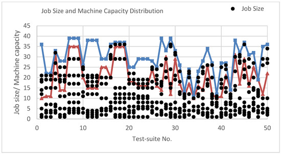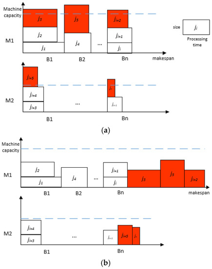 In , each machine can process up to three median batches or one long batch and one median batch. On the other hand, the SCMF-LPTJF program will allocate a long batch on the machine as much as possible. After it assigns a long batch on a machine, this machine still has enough time (at least time) to handle at least two median batches. Note that the SCMF-LPTJF procedure forms batches greedily. (It overfills each batch with the longest currently unassigned jobs.) Therefore, the SCMF-LPTJF procedure allocates more processing times for long jobs and median jobs on the machines with smaller capacities than does. Equivalently, we claim that is the lower limit of the overall processing time in a long working state, and the median job arranged on machines in , . Hence, if , then all long and median jobs will be allocated by SCMF-LPTJF.
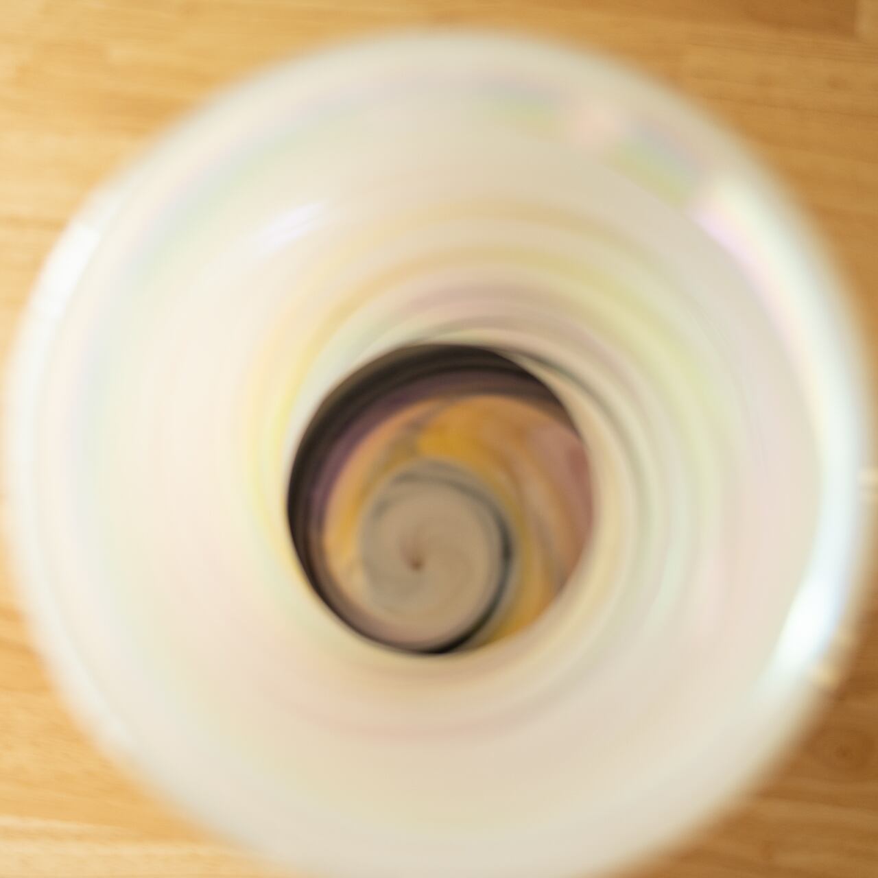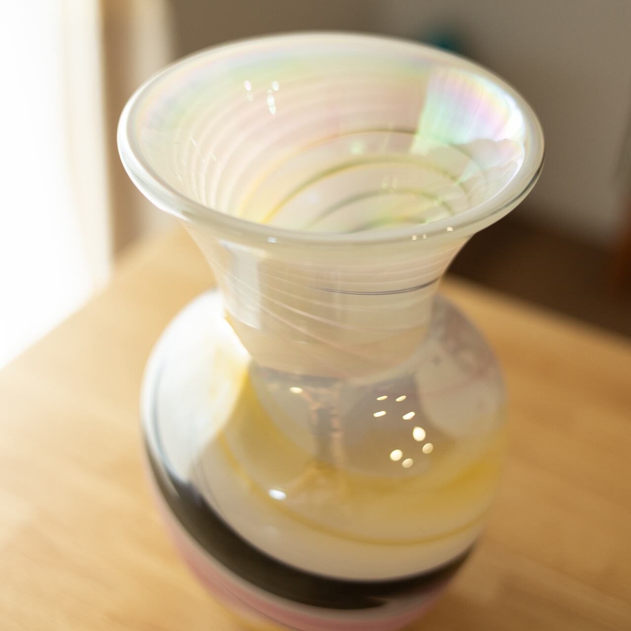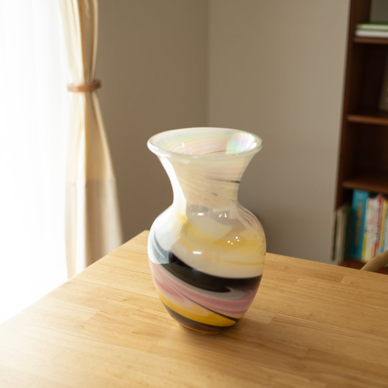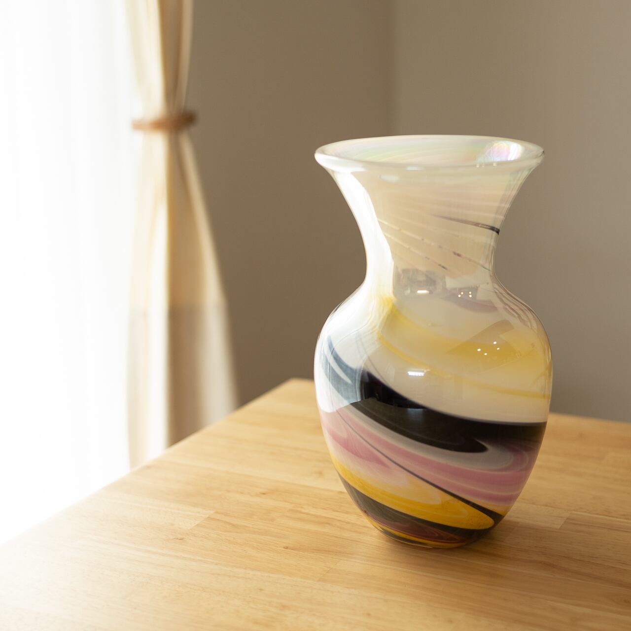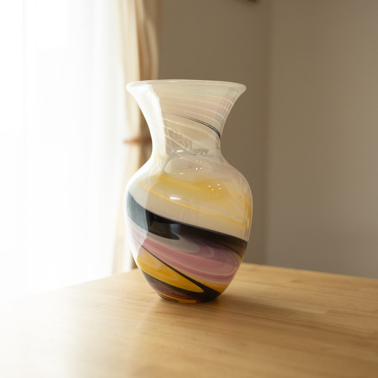 色の層が美しく溶け合う、マーブル模様のアートガラス花瓶です。
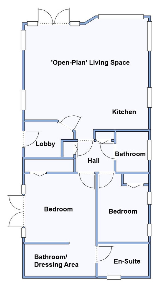 ‘Open-Plan’ Living Space: approx 18’8” x 16’9” max. A large, bright & airy room with vaulted ceiling, sky light window & double doors to rear garden. LED spot lights. Feature fireplace & Laminate flooring.
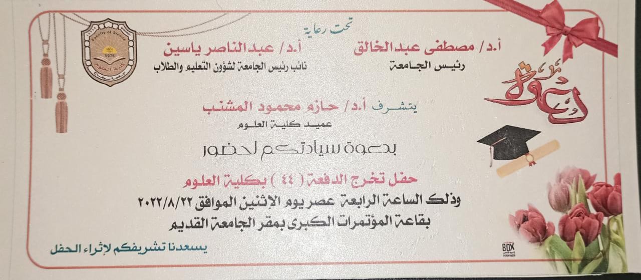 دعوة لحفل تخرج الدفعة 44 بكلية العلوم
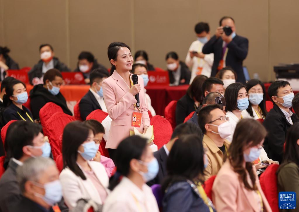 这是记者在分会场提问。新华社记者 殷刚 摄
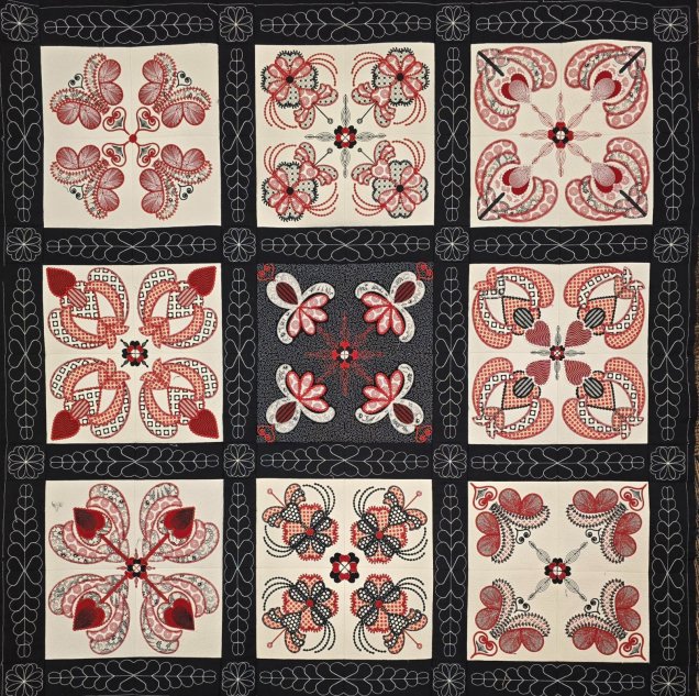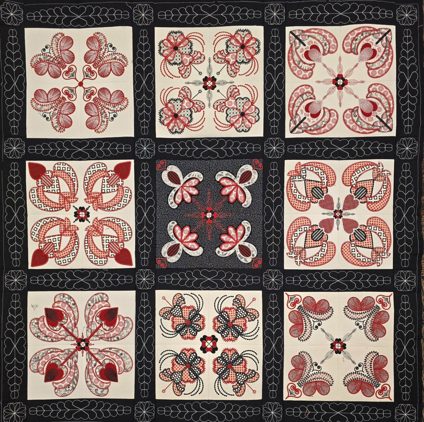 Hidden-Hearts Embroidered Quilt top
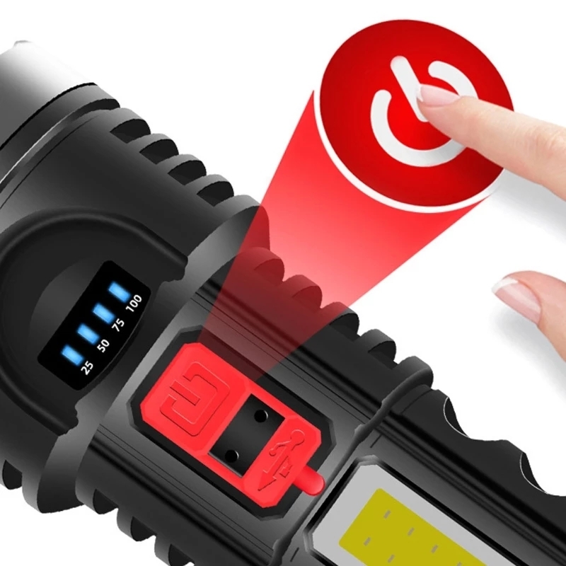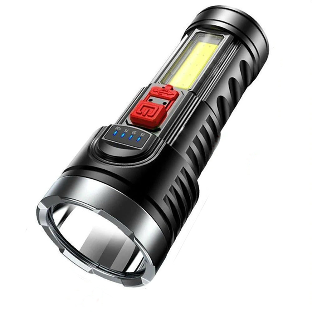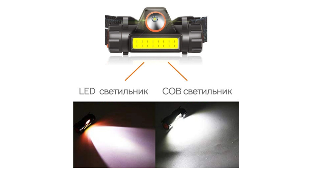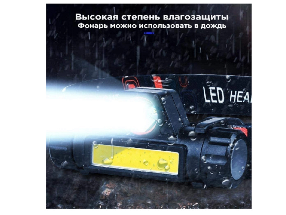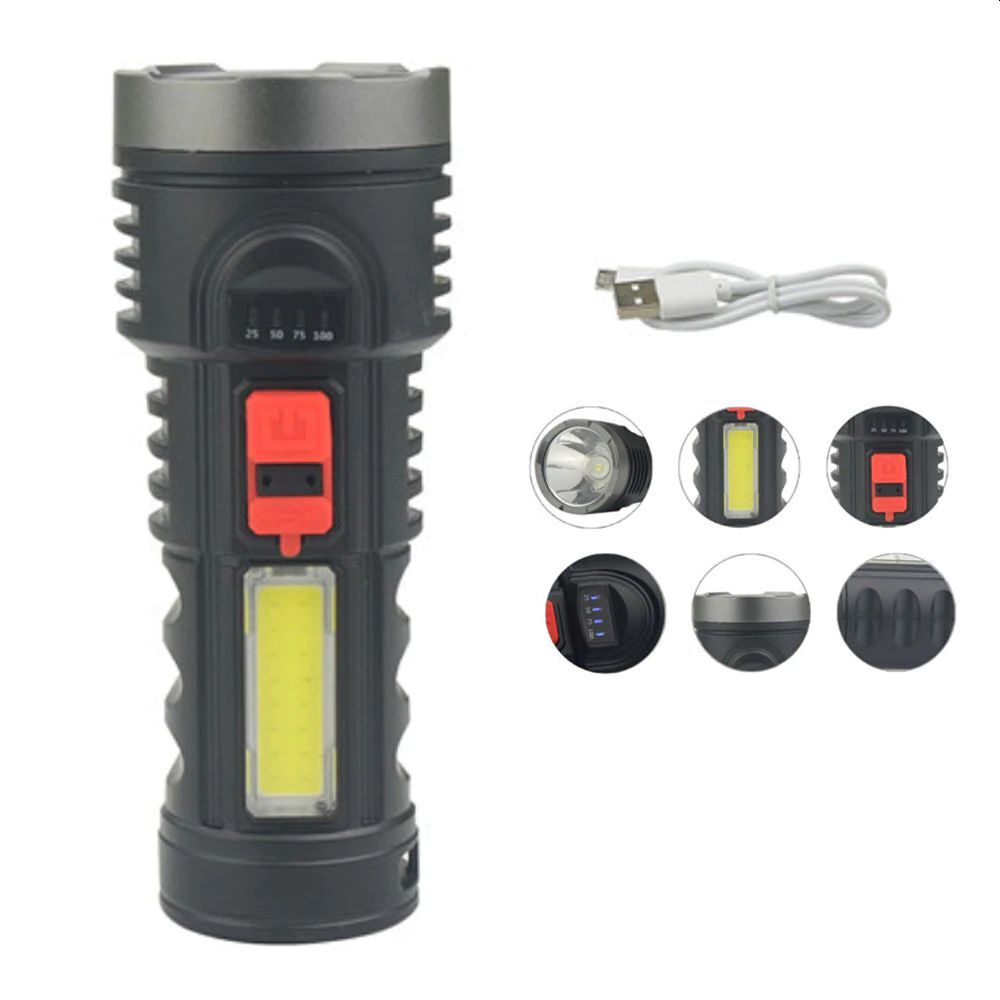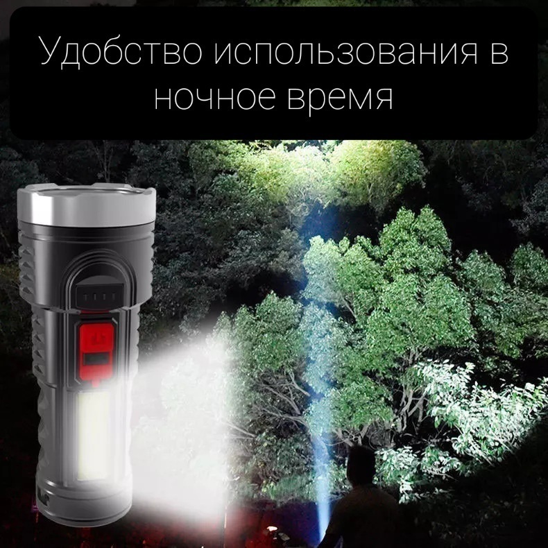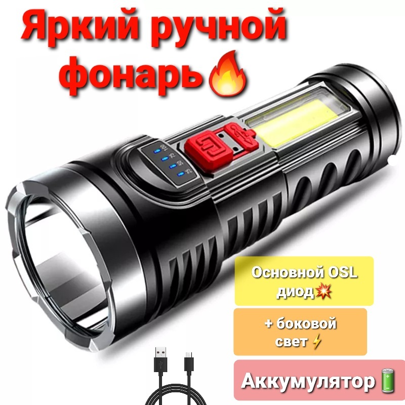 Фонарь аккумуляторный, ручной фонарик, фонарь светодиодный, зарядка от microUSB, боковая COB панель

------------

## Assignment
The response consists of the data above printed line for line, with no pictures.

## Task response
 In , each machine can process up to three median batches or one long batch and one median batch. On the other hand, the SCMF-LPTJF program will allocate a long batch on the machine as much as possible. After it assigns a long batch on a machine, this machine still has enough time (at least time) to handle at least two median batches. Note that the SCMF-LPTJF procedure forms batches greedily. (It overfills each batch with the longest currently unassigned jobs.) Therefore, the SCMF-LPTJF procedure allocates more processing times for long jobs and median jobs on the machines with smaller capacities than does. Equivalently, we claim that is the lower limit of the overall processing time in a long working state, and the median job arranged on machines in , . Hence, if , then all long and median jobs will be allocated by SCMF-LPTJF.
 色の層が美しく溶け合う、マーブル模様のアートガラス花瓶です。
 ‘Open-Plan’ Living Space: approx 18’8” x 16’9” max. A large, bright & airy room with vaulted ceiling, sky light window & double doors to rear garden. LED spot lights. Feature fireplace & Laminate flooring.
 دعوة لحفل تخرج الدفعة 44 بكلية العلوم
 这是记者在分会场提问。新华社记者 殷刚 摄
 Hidden-Hearts Embroidered Quilt top
 Фонарь аккумуляторный, ручной фонарик, фонарь светодиодный, зарядка от microUSB, боковая COB панель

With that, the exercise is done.